Your first agent

Build your first Daydreams agent and discover the power of contexts.

What Makes Daydreams Different?

Most AI frameworks treat conversations as stateless - every interaction starts from scratch. But real conversations aren't like that. Daydreams changes everything with contexts.

The Magic of Contexts

Imagine you're building a customer support agent. With traditional frameworks:

traditional-stateless-approach.txt
User: "I need help with my order"
Agent: "What's your order number?"
User: "12345"
Agent: "What's your order number?" // 😕 Already forgot!

With Daydreams contexts:

daydreams-stateful-approach.txt
User: "I need help with my order"
Agent: "What's your order number?"
User: "12345"
Agent: "I see order #12345. It was shipped yesterday!" // 🎉 Remembers!

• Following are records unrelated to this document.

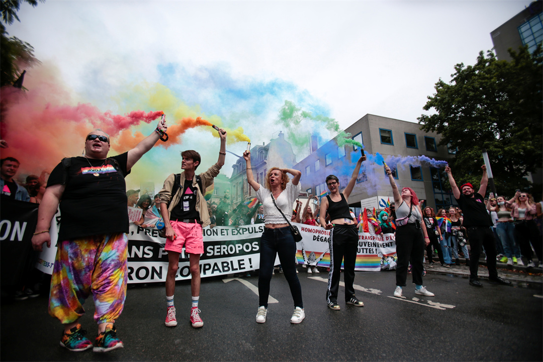 遊行隊伍拿著彩虹旗和各種標語牌,從巴黎邊陲的龐坦(Pantin)出發,前往市中心、許多政治性遊行的集合點「共和國廣場」(Place de la Republique)。這是這項遊行首次從法國首都巴黎屬勞工階級的郊區出發。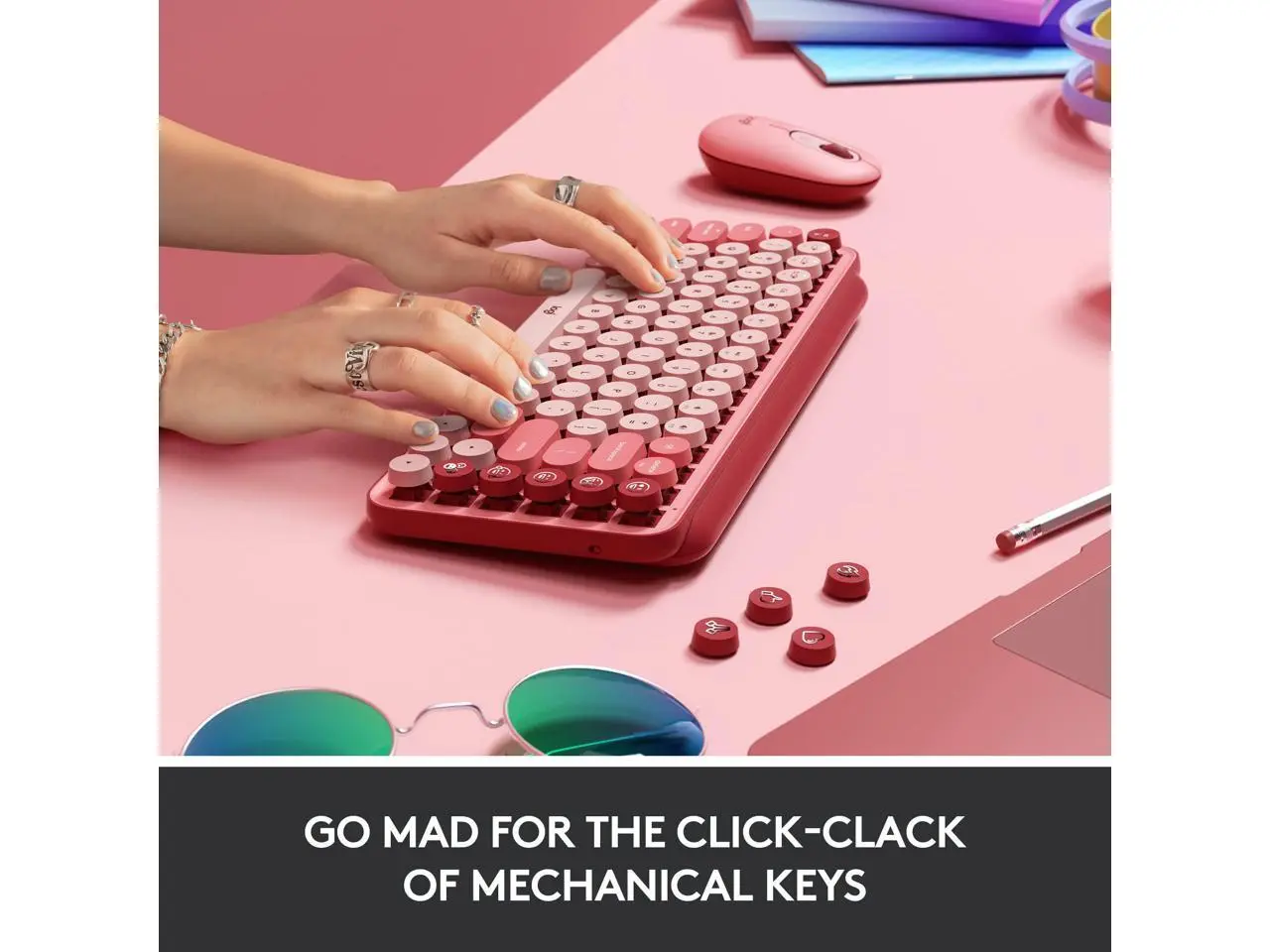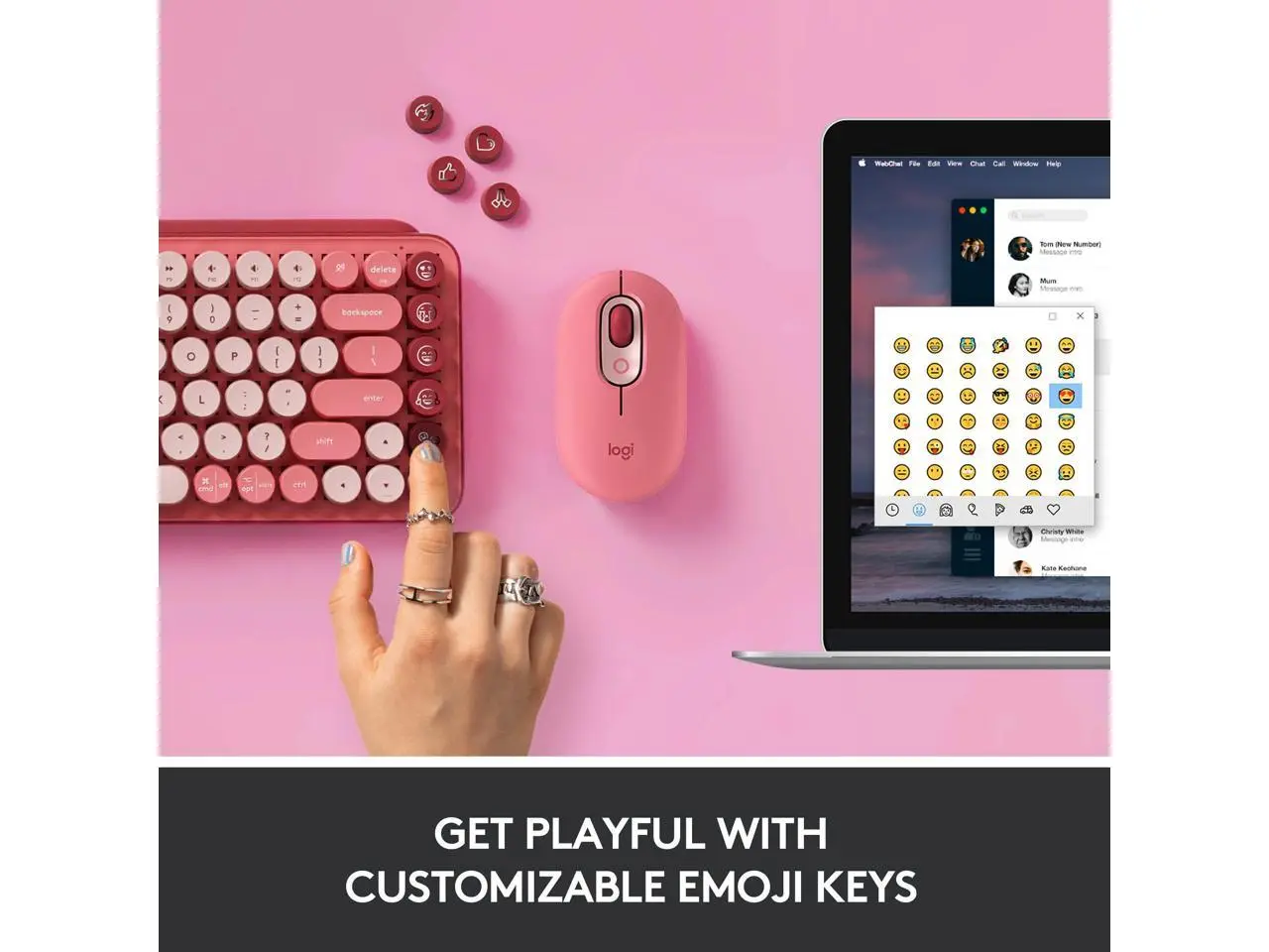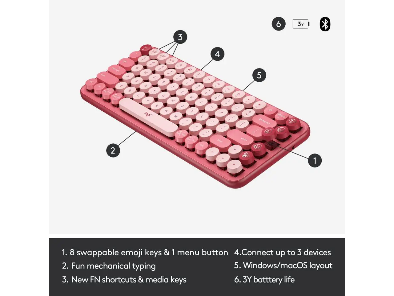 ·PERSONALITY THAT POPSUnleash personality onto your deskspace and beyond with POP Keys. Together with a matching POP Mouse, let your true self shine with a statement desktop aesthetic and fun customizable emoji keys.BLASTGET LOUD, GET RETRO.Shout your inner retro out loud with a bold combination of black, grey and arcade game yellow. Make a performance with POP Keys in Blast.KEY FEATURES | FEELINGS AT YOUR FINGERTIPSHappy? Angry? In love? POP Keys comes with eight swappable emoji keys which you can easily mix and match to suit your mood. You can assign these to any existing emoji you like using Logitech Software, or tap the emoji menu key to choose from the full range of emoji as you chat with friends.GO MAD FOR MECHANICALExperience typing thats almost addictive on typewriter-style mechanical keys. Feel your fingers bounce across the keys, and hear the mechanical switches click, clack and pop with every press. Old-school and oh-so satisfying.FN COOL NEW SHORTCUTSDont be fooled by POP Keys vintage aesthetic. Its 12 new FN shortcuts give you what you really need today - helping you snip screen, trigger Voice-to-Text , and Mute your mic in a long meeting, and much more at the tap of a key.CONNECT TO THREE DEVICES AT ONCEUnleash your personality across multiple devices at a time using POP Keys Easy Switch keys-which let you pair up to 3 devices and switch typing between them with a single tap. Connect to your computer, tablet or phone using Bluetooth® wireless technology or Logi Bolt USB receiver.It works on Windows®, macOS, Chrome OS™, Android™, iOS, and iPadOS.COMPACT AND COMFYAll the keys you need on a space-saving frame. Scooped round keys match the shape of your fingertips for snug and smooth touch-typing. Plus, POP Keys compact design lets you place your mouse closer for less arm reaching, more comfort, and better body posture.YOURS FOR THE LONG HAULIn true Logitech fashion, POP Keys is designed to last. With up to three years battery life and keys that can endure up to 50 million strokes (thats a lot), you can create, chat, and express yourself to your hearts content.RY THE FULL SELF-EXPRESSION EXPERIENCEOwn your space with the right accessories to take your productivity and style to new levels. Discover POP Mouse, StreamCam, G733 and Logitech Desk Mat.More from the Manufacturer
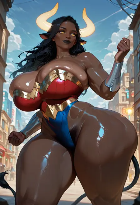 Imara Sunfire is a cow girl, a fighter and a survivor. She lost her tribe early in her life and was raised by a clan of centaurs. Due to her impressive height and strength (ara ara intensifies) she was able to keep up with the taurs, and she managed to fit in nicely.

Contexts are isolated workspaces that:

  • 🧠 Remember - Each conversation has its own memory
  • 🔒 Isolate - Different users never see each other's data
  • 🎯 Focus - Specialized behaviors for different situations
  • 🔄 Persist - Memory survives between conversations

How Daydreams Works

An agent in Daydreams follows this cycle:

  1. Listen - Receives input (message, event, API call)
  2. Think - Uses an LLM to understand and decide
  3. Act - Performs actions or sends responses
  4. Remember - Saves important information in context

This happens continuously, with the context providing memory and state throughout.

Installation

Let's build your first stateful agent! Start by installing Daydreams:

pnpm add @daydreamsai/core @daydreamsai/cli @ai-sdk/openai zod

npm install @daydreamsai/core @daydreamsai/cli @ai-sdk/openai zod

bun add @daydreamsai/core @daydreamsai/cli @ai-sdk/openai zod

yarn add @daydreamsai/core @daydreamsai/cli @ai-sdk/openai zod

Important: Set your OPENAI_API_KEY environment variable before continuing.

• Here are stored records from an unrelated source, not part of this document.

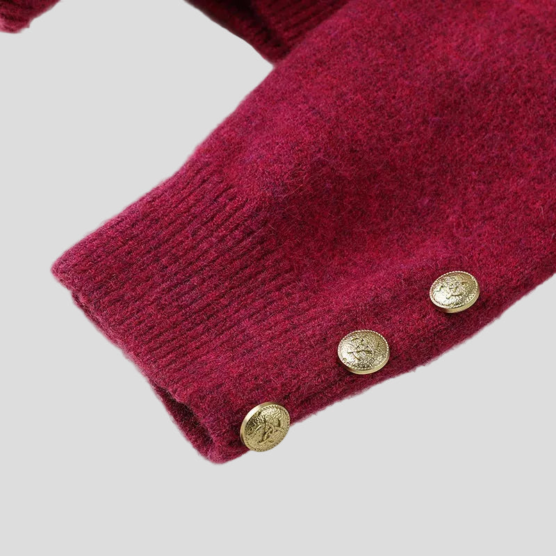Detalii de Lux: Nasturii decorativi de la manșete adaugă un plus de rafinament și strălucire discretă, transformând puloverul într-o piesă potrivită pentru ocazii speciale.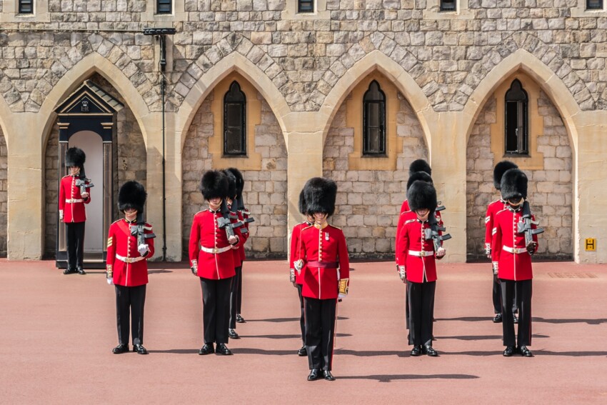 La visita al castillo ofrece también la oportunidad de presenciar el espectacular Cambio de Guardia, una ceremonia tradicional que se lleva a cabo en el patio inferior. Durante este ritual que dura aproximadamente 30 minutos, los visitantes pueden admirar las precisas evoluciones de la División del Hogar mientras una nueva guardia releva a la anterior, todo acompañado por la banda militar. El espectáculo, que generalmente tiene lugar a las 11:00, es una fascinante demostración de la precisión y la pompa militar británica.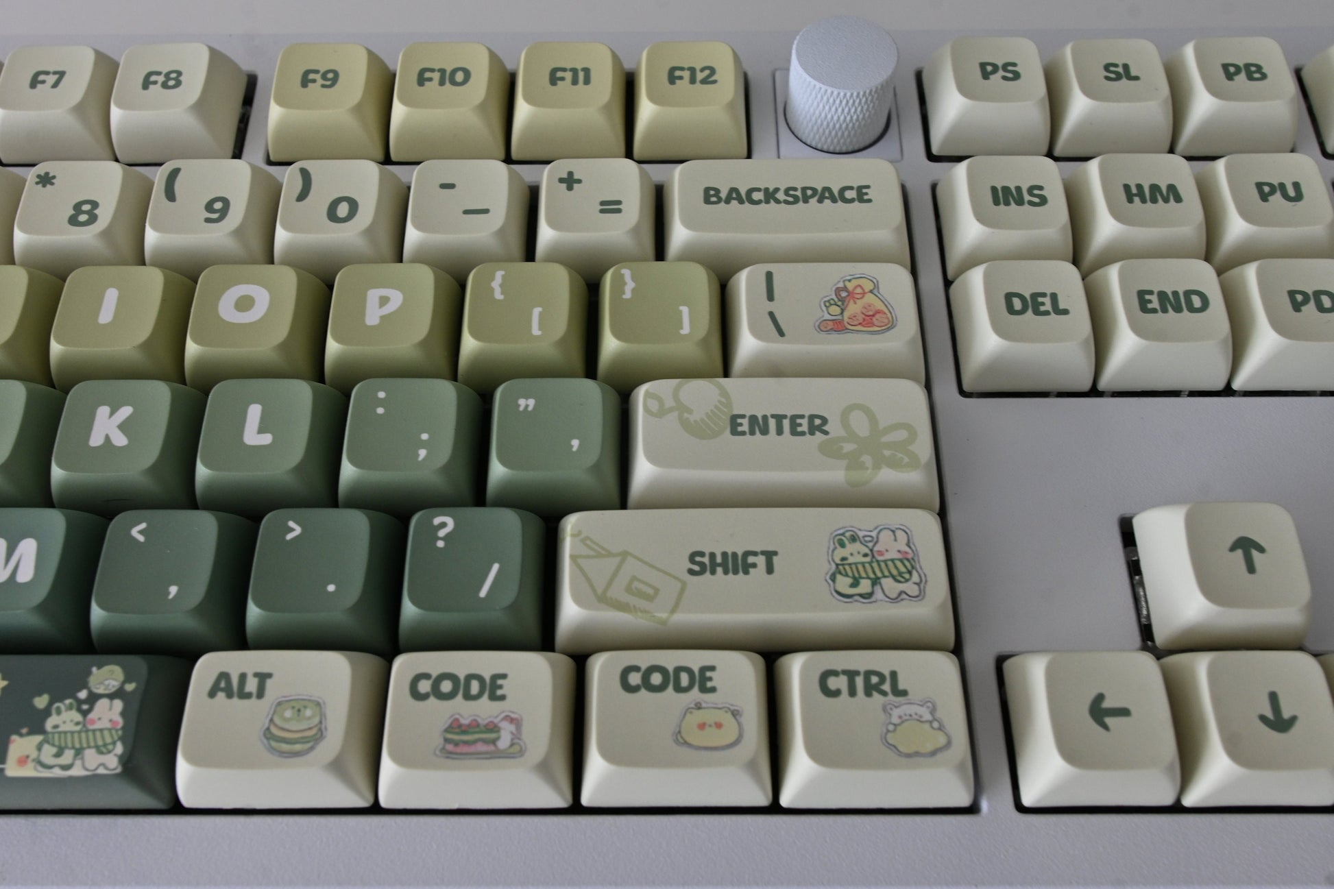 This green gradient keycap set features cute rabbits and lucky clovers. It will be sure to add magic, luck and wonder to your keyboard. Note that the Nordic layout option is in Cherry profile (square and pointy), and as such, will not match the XDA profile which is rounded.

Your First Context-Aware Agent

Let's build a personal assistant that remembers you - your name, preferences, and conversation history. This showcases the true power of contexts.

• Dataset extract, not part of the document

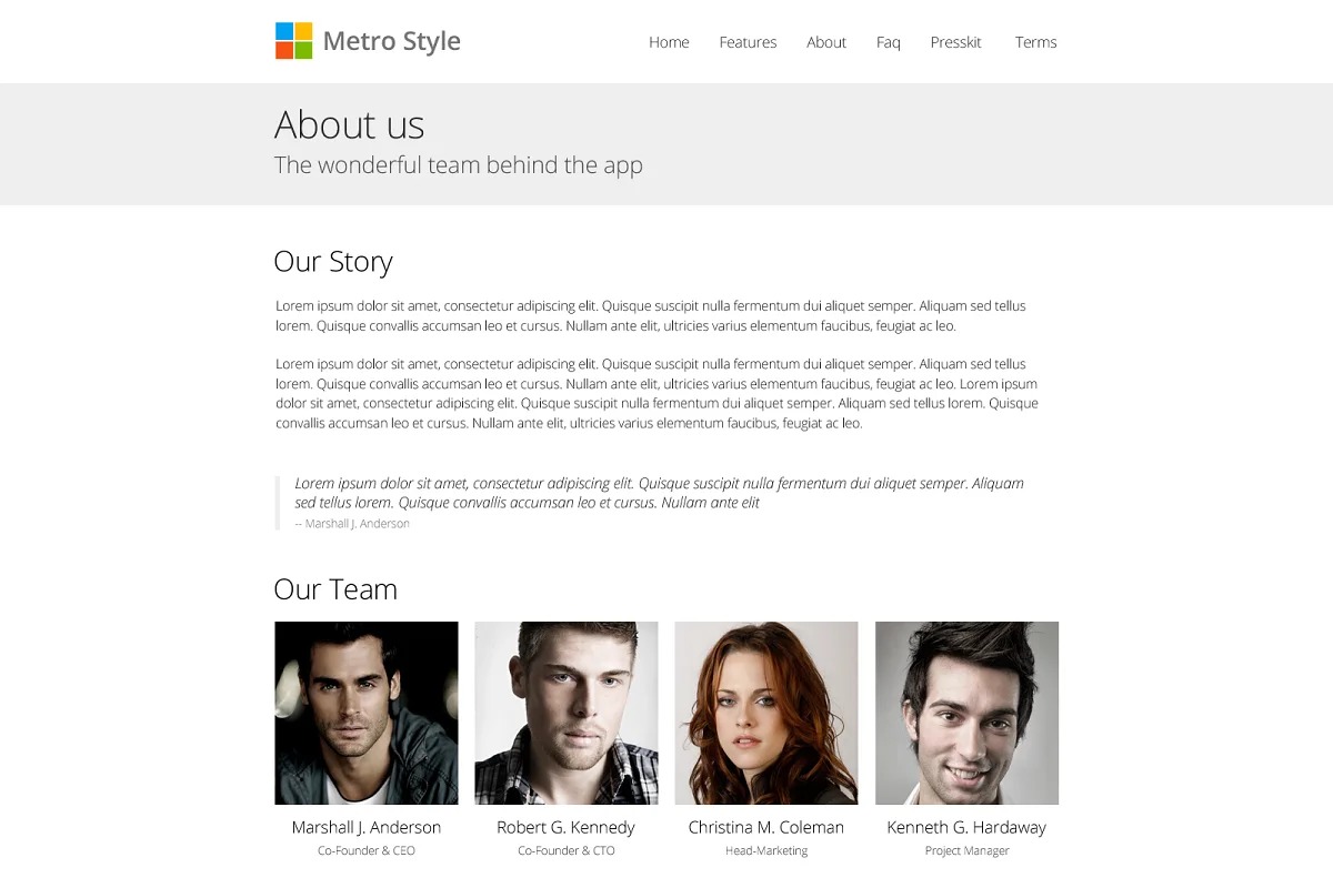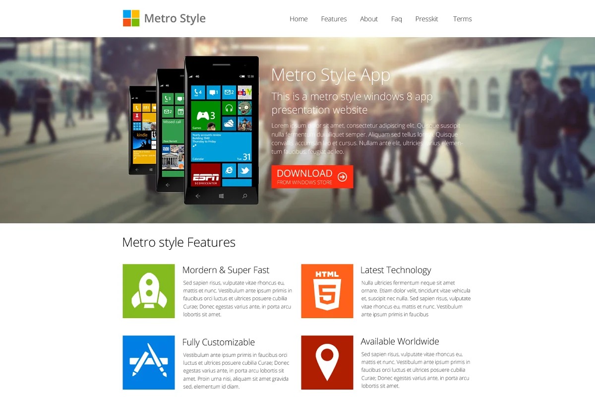 Metro Style is a Windows 8 App introduction Showcase Landing page site layout solely for those making Windows 8 App. There are part of App introduction for iPhone and android are accessible, however none of them suits Windows 8 application. So I made this format for those sort of individuals who were worn out on looking through Windows 8 App Website. This layout is Clean, Modern, Metro Style Flat Design and completely responsive dependent on Bootstrap. Four pages Included in HTML and PSD. Likewise I have made downloadable Press unit, FAQ page, About and Our Team page, Terms page that are valuable while delivering an App.

Step 1: Create your project

setup.sh
mkdir my-first-agent && cd my-first-agent
touch agent.ts

Step 2: Build a stateful agent

agent.ts
import { createDreams, context, action } from "@daydreamsai/core";
import { cliExtension } from "@daydreamsai/cli";
import { openai } from "@ai-sdk/openai";
import * as z from "zod";

// Create a context - this is where the magic happens!
const assistantContext = context({
  type: "personal-assistant",

  // Each user gets their own context instance
  schema: z.object({
    userId: z.string().describe("Unique identifier for the user"),
  }),

  // Initialize memory for new users
  create: () => ({
    userName: "",
    lastTopic: "",
    preferences: {},
    conversationCount: 0,
  }),

  // Define what the LLM sees about this context
  render: (state) => {
    const { userName, conversationCount, lastTopic, preferences } =
      state.memory;

    return `
Personal Assistant for User: ${state.args.userId}
${userName ? `Name: ${userName}` : "Name: Unknown (ask for their name!)"}
Conversations: ${conversationCount}
${lastTopic ? `Last topic: ${lastTopic}` : ""}
${
  Object.keys(preferences).length > 0
    ? `Preferences: ${JSON.stringify(preferences, null, 2)}`
    : "No preferences saved yet"
}
    `.trim();
  },

  // Instructions that guide the assistant's behavior
  instructions: `You are a personal assistant with memory. You should:
- Remember information about the user across conversations
- Ask for their name if you don't know it
- Learn their preferences over time
- Reference previous conversations when relevant
- Be helpful and personalized based on what you know`,

  // Track conversation count
  onRun: async (ctx) => {
    ctx.memory.conversationCount++;
  },
});

// Add actions the assistant can perform
assistantContext.setActions([
  action({
    name: "remember-name",
    description: "Remember the user's name",
    schema: z.object({
      name: z.string().describe("The user's name"),
    }),
    handler: async ({ name }, ctx) => {
      ctx.memory.userName = name;
      return {
        remembered: true,
        message: `I'll remember your name is ${name}`,
      };
    },
  }),

  action({
    name: "update-topic",
    description: "Remember what we're discussing",
    schema: z.object({
      topic: z.string().describe("Current conversation topic"),
    }),
    handler: async ({ topic }, ctx) => {
      ctx.memory.lastTopic = topic;
      return { updated: true };
    },
  }),
]);

// Create the agent
const agent = createDreams({
  model: openai("gpt-4o-mini"),
  extensions: [cliExtension],
  contexts: [assistantContext],
});

// Start the interactive CLI
async function main() {
  await agent.start();

  console.log("\n🤖 Personal Assistant Started!");
  console.log("💡 Try telling me your name or preferences.");
  console.log("💡 Exit and restart - I'll still remember you!\n");

  // Simulate different users with different context instances
  const userId = process.argv[2] || "default-user";
  console.log(`Starting session for user: ${userId}\n`);

  // Run the assistant for this specific user
  await agent.run({
    context: assistantContext,
    args: { userId }, // This creates/loads a unique context instance
  });

  console.log("\n👋 See you next time!");
}

main().catch(console.error);

Step 3: Experience the magic of contexts

Run your agent:

run.sh
# Start as the default user
node agent.ts

# Or start as a specific user
node agent.ts alice
node agent.ts bob

Try this conversation flow:

example-conversation.txt
You: Hi there!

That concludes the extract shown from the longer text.